Setiap hari Riri berangkat sekolah pukul 06.30 karena harus berjalan kaki ke sekolah. Dia selalu sarapan dengan terburu-buru karena takut terlambat tiba di sekolah. Tapi hari ini berbeda. Riri menghabiskan sarapannya dengan santai. Dia yakin kalau naik sepeda, dia akan tiba di sekolah lebih cepat dan tidak akan terlambat meskipun berangkat lebih siang.

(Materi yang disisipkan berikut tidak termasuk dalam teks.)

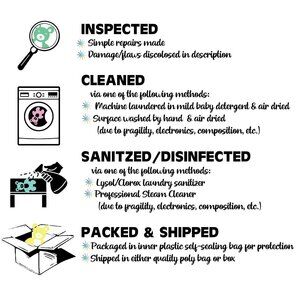surface cleaned by hand & steam sanitized (due to age, electronics, composition, etc.)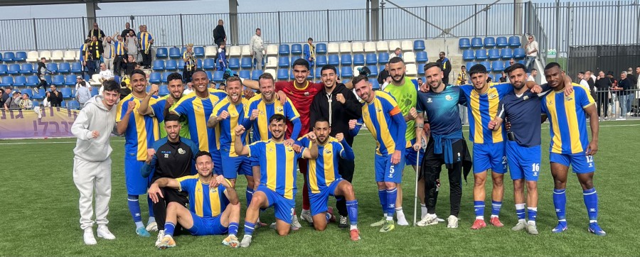 צילום:דובורת טירה. מבקיעי השערים וליאל כהן בתפקיד המבשל היום בנצחון של טירה בחוץ על אשדוד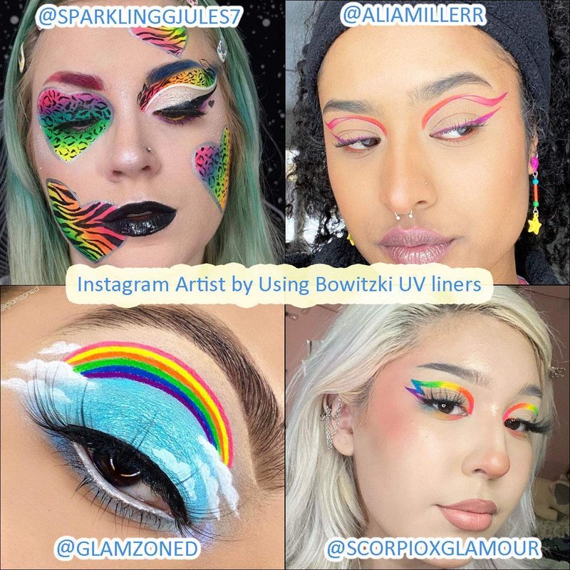 - Bowitzki Retro Liners /FX formula delivers a punch of solid opaque colour that glow under UV/blacklight. It’s smudge proof and transfer resistant – your colour won’t fade until it’s removed.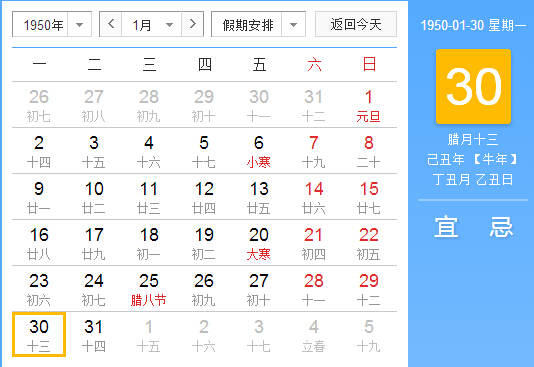 公历1950年1月30日,农历1949年12月13日,阴历一九四九己丑年十二月十三日,星期1
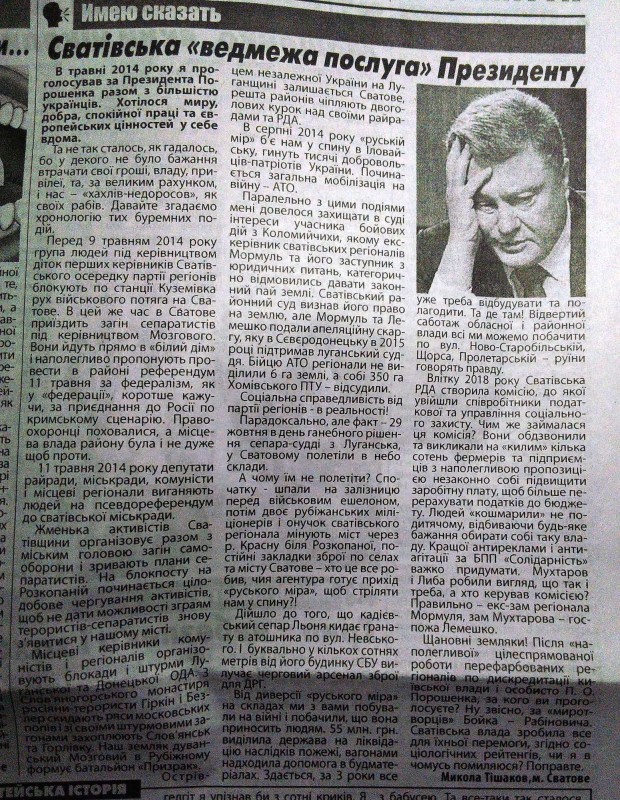 Зато, деятельность народного депутата Украины, избранного по 114 одномандатному округу Сергея Шахова, а также его приветствие, в основном, распространяются на районы, которые входят в этот избирательного округа, а именно - Беловодский, Марковский, Меловской, Новопсковский и Станично-Луганский районы Луганщины ( «Слово хлебороба» № 52 (9692) от 29 декабря 2018, Меловской район, «Известия Маркивщины» №52 (10307) от 29 декабря 2018, «Жизнь Белокуракинщины» № 71 (10539) от 29 декабря 2018 , №3 (10542) от 19 января 2019, «Время» № 52 (11209) от 28 декабря 2018, № 1 (11210) от 4 января 2019 г., Станично-Луганский район. Фигурирует народный депутат также на страницах изданий Северодонецка - «Северодонецкие вести» № 51 от 21 декабря 2018, № 52 от 28 декабря 2018, Сватовского, «Сватовские ведомости» № 52 (686) от 26 декабря 2018 и Станично-Луганского районов - «Время» № 51 (11208) от 21 декабря 2018, от 21 декабря 2018, № 52 (11209) от 28 декабря 2018, №1 (11210 ) от 4 января 2019.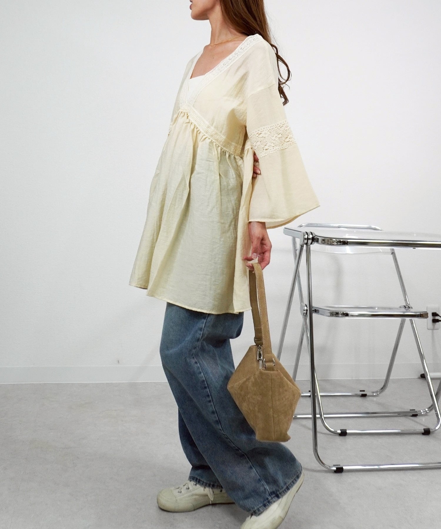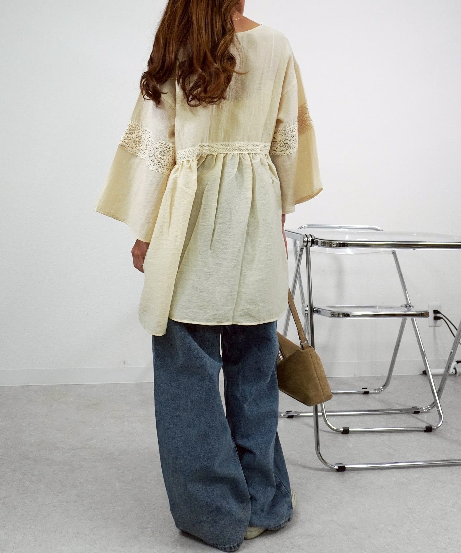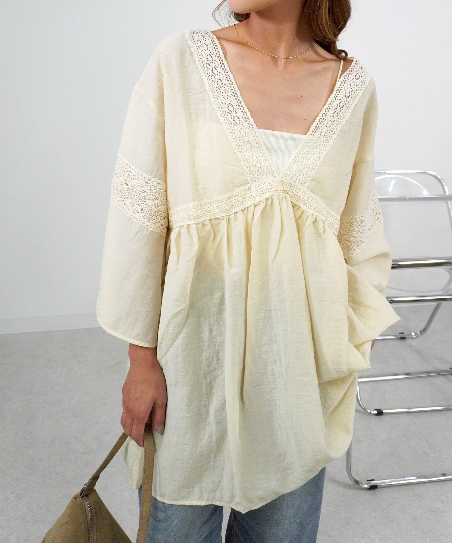 テープレース付ボリュームBL 5484505は、華やかなテープレースが施された魅力的なブラウスです!ボリューミーなシルエットと上品なデザインが、女性らしさを引き立てます。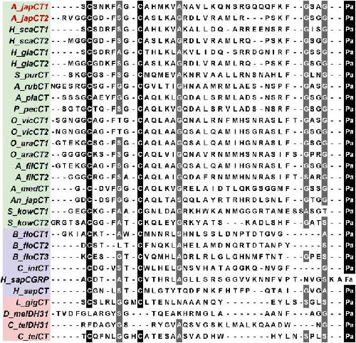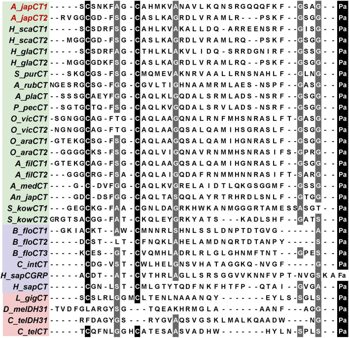 Figure 1—figure supplement 2. Comparison of the sequences CT-type neuropeptides from Bilateria: deuterostomes-ambulacraria (green), deuterostomes-chordates (purple), and protostomes (pink).The conserved residues are shown with white lettering highlighted in gray and black. The accession numbers or citations are shown in Figure 1—source data 1. |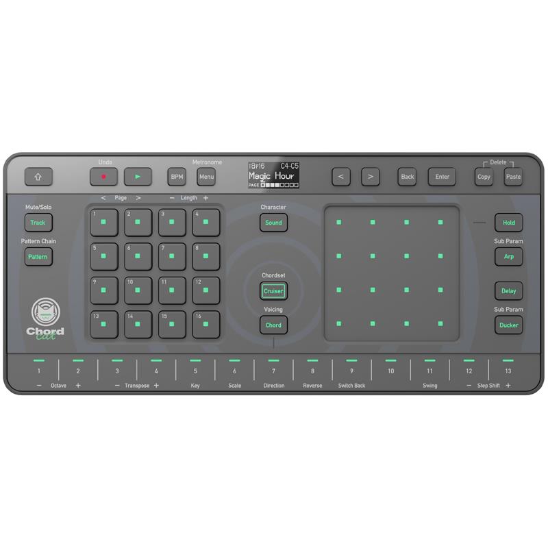 Chordcat専用ソフトウェアのChordcat Manager※2を使えば、本機とPC/Mac間でシーケンス・パターンのインポートおよびエクスポートが可能です。本機で作成したパターンをDAWソフトウェアにエクスポートして音源を差し替えたり、DAWソフトウェアで作成したパターンを本機にインポートしてアレンジを加えることも可能です。また、Chordcatの製品...
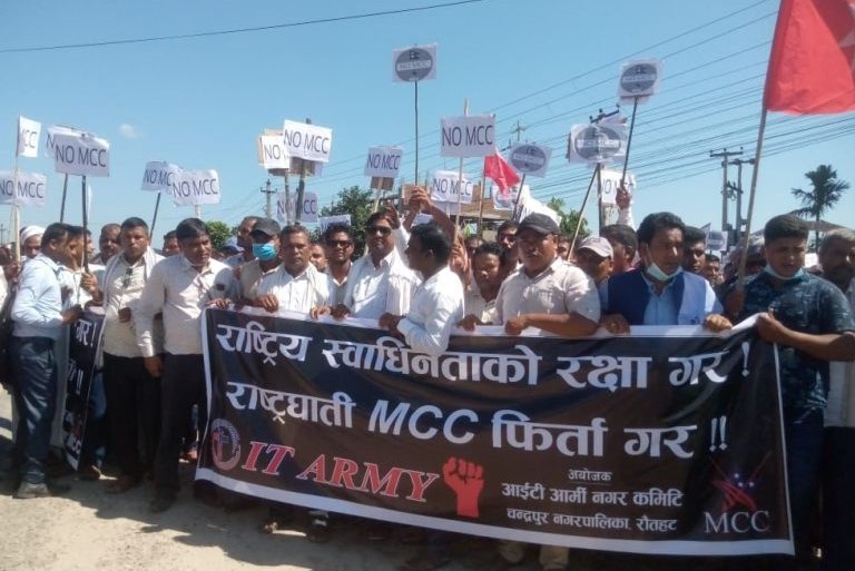 रौतहट – आईटी आर्मीले एमसीसी सम्झौता खारेजीको माग गर्दै रौतहटको चन्द्रपुरमा प्रदर्शन गरेको छ ।मिलिनियम च्यालेन्ज कर्पोरेसन (एमसीसी) सम्झौता राष्ट्रघाती भएको भन्दै कुनै पनि हालतमा संसदबाट पास गर्न नहुने भन्दै शुक्रबार नाराबाजीसहित आईटी आर्मीले विशाल प्रदर्शन गरेको हो ।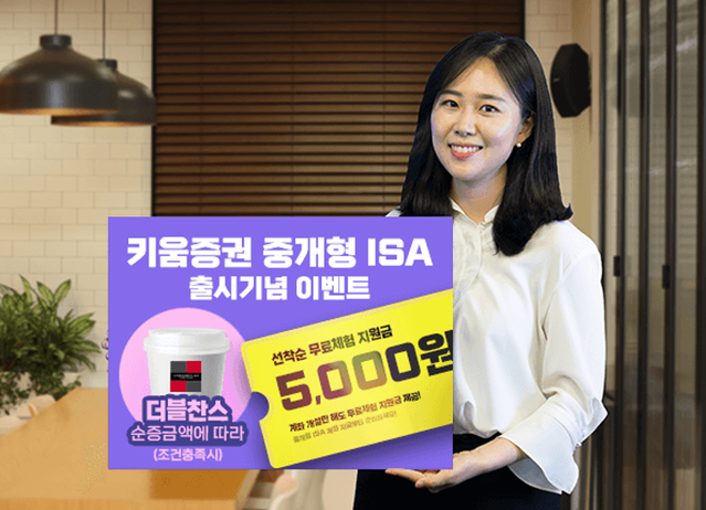 키움증권은 ‘중개형 ISA 출시 기념’ 이벤트를 진행한다고 1일 밝혔다.이번 이벤트는 키움증권 중개형 ISA계좌를 개설한 선착순 10만명에게 투자를 체험해 볼 수 있는 무료체험 지원금 5000원을 지급하며, 100만원 이상 입금만 해도 순증금액에 따라 투썸플레이스 모바일 기프티콘(최대 3만원)을 지급한다.이는 비대면 계좌개설 후 ISA 앱 또는 홈페이지 ISA 계좌개설 화면을 통해 쉽게 만들 수 있으며 일반 계좌와 동일하게 MTS(영웅문S)와, HTS(영웅문) 등을 통해 편리하게 거래할 수 있다.회사 관계자는 “국내주식 및 다양한 금융상품을 직접 투자할 수 있는 중개형 ISA를 지금부터 준비해서 연간 납입한도 2000만원도 확보하고 이벤트를 통해 다양한 혜택도 누리길 바란다”고 말했다.이벤트에 대한 자세한 사항은 홈페이지를 참고하거나 키움금융센터로 문의하면 된다.

Setelah menghabiskan sarapannya, Riri pergi ke garasi untuk melihat sepeda barunya. Sudah lama Riri ingin memiliki sepeda berwarna merah tapi baru sekarang ayah mau membelikan untuknya. “Wah sepeda baruku bagus sekali!” kata Riri dalam hati. “Pasti teman-temanku akan iri melihatnya nanti”.
Tidak terasa sudah setengah jam Riri berdiri memandangi sepeda itu. Sudah jam 06.45 sekarang. Ibu mengingatkan Riri untuk segera berangkat ke sekolah kalau dia tidak ingin terlambat sampai di sekolah nanti. Riri buru-buru berpamitan pada ayah dan ibunya.
“Wah jalannya kok sudah ramai ya” pikir Riri. Tiba-tiba dia menjadi sangat cemas, “Rasanya takut juga aku naik sepeda dijalan seramai ini. Bagaimana aku menyeberang di depan sekolah nanti ya?”
Ketika sampai di depan sekolah, Riri berhenti agak lama menunggu jalan sepi supaya dia bias menyeberang. Dia menoleh ke kiri dan ke kanan sambil berkali-kali melihat ke pintu gerbang sekolahnya yang sudah tertutup. “Aduh, kenapa kendaraan yang lewat jalan ini semakin banyak saja. Kalau begini bagaimana aku bisa menyeberang? Pasti aku akan dimarahi ibu guru karena terlambat” kata Riri dalam hati. Matanya sudah hamper berkaca-kaca, ketika dilihatnya pak Husein, satpam sekolahnya sudah berdiri diseberang hendak menyeberang ke Riri.
Ketika sampai di tempat Riri berdiri, pak Husein bertanya, “Tumben terlambat. Ri? Wah sepedanya baru ya?”
“iya pak, Riri kesiangan berangkatnya. Ternyata jalanan sudah ramai sekali. Riri tidak berani menyeberang” kata Riri.
“Ya sudah ayo sekarang kita menyeberang, kamu sudah terlambat masuk kelas. Sini sepedanya bapak yang pegang”, Kata pak Husein.
“Terima kasih Pak” Kata Riri sesampainya mereka di depan pintu gerbang.
“Besok berangkat lebih pagi ya, jangan kesiangan lagi” kata pak Husein sambil memberikan kembali sepeda Riri.
“Iya Pak, saya masuk ke kelas dulu ya pak” pamit Riri.
Riri berjanji akan berangkat lebih pagi besok. Dia tidak ingin terlambat masuk ke kelas lagi seperti hari ini. Dia tidak ingin dihukum menulis 50 kalimat ‘Saya tidak akan terlambat ke sekolah’ lagi oleh ibu guru seperti hari ini.